The Appalachian Trail in 60 Seconds
28 days until Springer Mountain.
I’ve been toying around with exactly how to start this blog. How to talk about my hike when my hike doesn’t start for a month. Many questions I’ve been getting pertain to a fundamental curiosity as to what exactly it is that I’m doing. What it is to attempt a thru-hike of the Appalachian Trail. A little background strikes me as a decent place to start. Good as any.
A few bullet points for those that haven’t looked much into it: the Appalachian Trail, or AT as it’s commonly referred, is 2,194.2 miles long and stretches from northern Georgia to central Maine. The precise distance is often documented with variation from source to source, but I’m going with my guidebook’s number.
The AT terminuses exist on the tops of Springer Mountain (GA) and Mount Katahdin (ME), after the 8.8-mile Approach Trail to get to the top of Springer and the walk down upon completion in Maine, we are talking more than 2,200 miles. It goes through 14 states and takes people through six national parks and eight national forests.
Most folks walk Georgia to Maine (northbound or NoBo) but you can do it SoBo or any way you want. Doing the entire trail is referred to as a thru-hike.
It is a continuous walking trail, systematically going up and down as many mountains as possible with minimalistic shelters located at differing intervals.

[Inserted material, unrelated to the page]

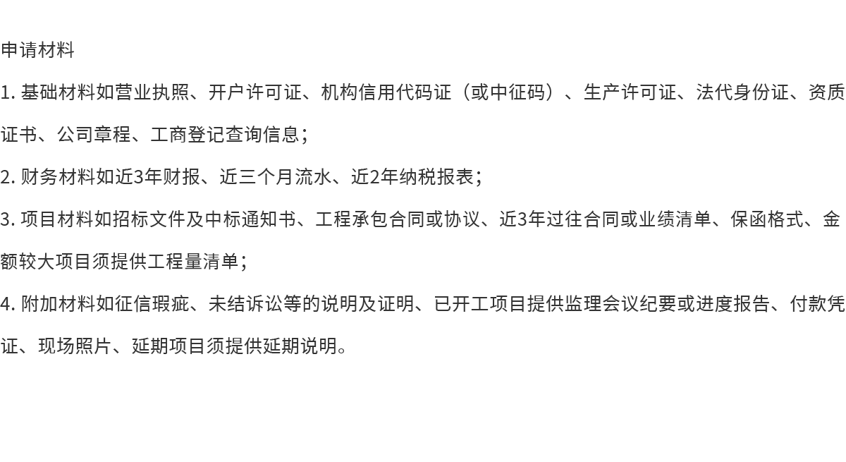 4. 附加材料如征信瑕疵、未結訴訟等的說明及證明、已開工項目提供監理會議紀要或進度報告、付款憑證、現場照片、延期項目須提供延期說明。

When a shelter isn’t available either due to my chosen distance for that particular day or if it is already full of sleeping hikers, I will camp in my tent. Every few days I will take an opportunity to resupply food and other necessities by going into a town or outfitter or convenience store. Whatever may be available. I’ll filter water from streams, wells, lakes, we’ll see. I plan on sleeping in a hostel or hotel at least once or twice a week, grabbing a shower and a bed.
You are expected to register your plans to hike with the Appalachian Trail Conservancy and report back upon completion. Based on these records, only around 22,000 people have ever successfully completed a thru-hike, a number that surprised me greatly.
The trail was completed in 1937, and the first thru-hiker ever, Earl Shaffer, completed his journey in 1948. Shaffer was a World War II vet, presumably working through some shit.
I’m hoping through this experience and through this blog, to shed a little light on what it is that makes myself and so many others feel compelled to retreat to the woods when looking for clarity, peace, fun, escape, and freedom. Figure out exactly what it is I’m working through, and maybe even work through it a bit.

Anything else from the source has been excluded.